Interesting. Thanks for the info. Hopely that issue will be resolved soon. I wonder if the workhorse is the only Lulzbot Printer with a hot end timeout?

At this time, I believe that all of the Pro variants are the only ones that have the issue of the hot end idle timeout not working. I believe that an issue has been created for this.

So there’s nothing in the code for Marlin that excludes the Pro from having a hotend idle timeout.

/**
 * Hotend Idle Timeout
 * Prevent filament in the nozzle from charring and causing a critical jam.
 */
#define HOTEND_IDLE_TIMEOUT
#if ENABLED(HOTEND_IDLE_TIMEOUT)
  #define HOTEND_IDLE_TIMEOUT_SEC (15*60)    // (seconds) Time without extruder movement to trigger protection
  #define HOTEND_IDLE_MIN_TRIGGER   150     // (°C) Minimum temperature to enable hotend protection
  #define HOTEND_IDLE_NOZZLE_TARGET   0     // (°C) Safe temperature for the nozzle after timeout
  #define HOTEND_IDLE_BED_TARGET      0     // (°C) Safe temperature for the bed after timeout
#endif

Other parts of the code have ways to exclude certain models in the code, such as:

#if ANY(MiniV2, TAZPro, TAZProXT, Sidekick_289, Sidekick_747)
  

So this isn’t the fault of LulzBot, generally, but I feel like identifying this problem and pushing a fix to the main Marlin fork would be expected.
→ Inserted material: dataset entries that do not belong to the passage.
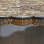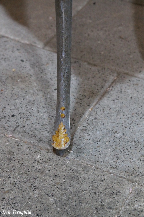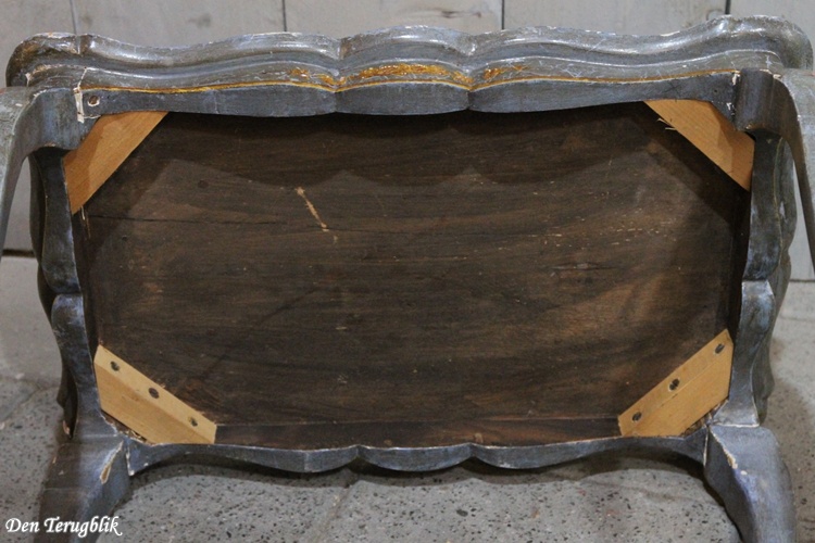 De sierlijke pootjes zijn verstevig met houten blokjes onder het blad.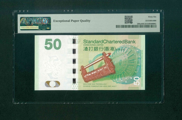 2010 香港渣打銀行$50 PMG 66 EPQ 編號: AA878878(頭版雷達重覆號,頂級雪白)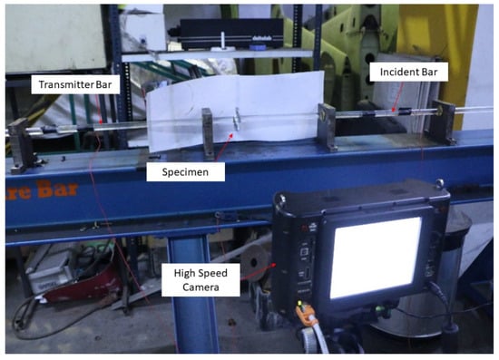 The dynamic compression is performed using a Split-Hopkinson Bar setup, which comprises the impactor bar, the incident bar, and the transmitter bar. The specimen is put in between the incident and the transmitter bar. For this experiment, a high-speed camera is also used to observe the compression and rebound of the specimen and to measure the speed of the impactor bar. The setup of the experiment is shown in Figure 1. The specimen is tested at four loading speeds—10 m/s, 15 m/s, 20 m/s, and 30 m/s—to measure the material’s strain rate and observe the effect of the strain rate on the specimen’s stress–strain response.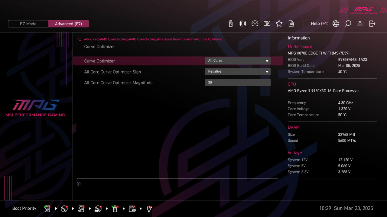 然后进入Curve Optimizer选项,选择开启All Cover所有核心,选择Negative降压,建议从30开始尝试,当然就对于9950X3D这样双CCD的处理器来讲,分别设置CCD负压也是很关键的一个地方。不过都要根据你处理器的体制去操作。
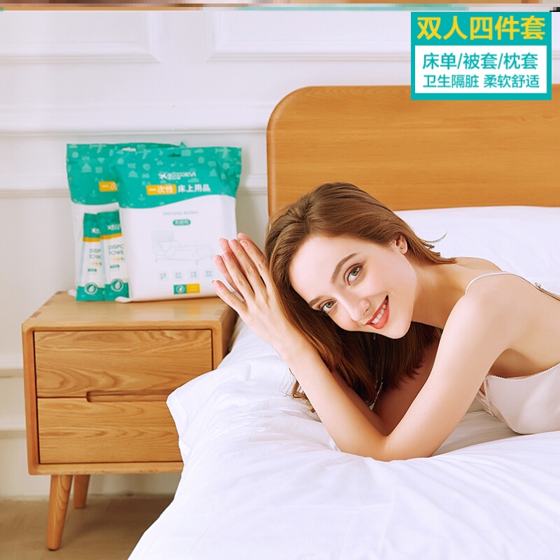 Travel disposable bed sheet quilt cover pillowcase travel double four-piece set isolation hotel supplies dirty quilt cover bath towel
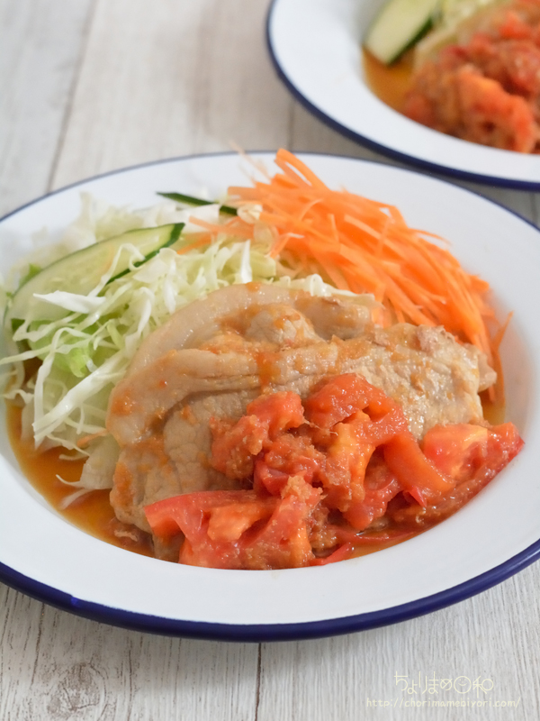 そんな気分も疲労を吹き飛ばすトマトのしょうが焼きにしました。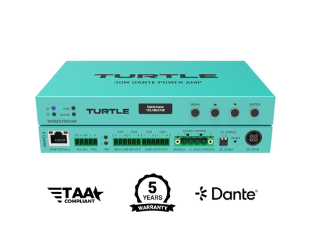 The 30W PoE+ Dante Power Amp (TAV-DPA30P) is a compact, plenum-rated amplifier and Dante® audio bridge built for commercial AV, education, and government applications. It delivers 2x15W stereo or 1x30W mono audio and features analog/Dante conversion, Hi-Z/Lo-Z support, integrated DSP, and triple power redundancy—all within a rugged Turtle Aqua chassis.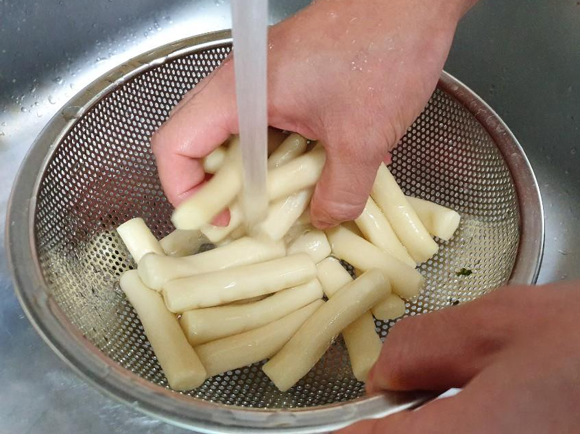 밀떡을 흐르는물에 씻어줍시다~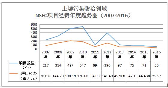 通過統(tǒng)計2007-2016十年內(nèi)我國國家自然科學(xué)基金的項(xiàng)目數(shù)據(jù),可知土壤污染防治領(lǐng)域的項(xiàng)目經(jīng)費(fèi)在2007-2010年呈穩(wěn)步上升趨勢,2010年申請通過的項(xiàng)目達(dá)峰值547個,2011年有所回落,2012年又激增到390個,之后幾年呈現(xiàn)了下降趨勢,2016年僅通過55個項(xiàng)目,經(jīng)費(fèi)也隨之下降,如圖9所示。

While not being experienced enough in programming to debug it thoroughly, I suspect that it has to do with the Z steppers holding this gantry in position that is being seen as motion, which keeps resetting the timeout, thus preventing the hot end from cooling down. You’ll notice that the Pro will disable the X/Y steppers (causing them to go to ?s for coordinates), but the Z never does.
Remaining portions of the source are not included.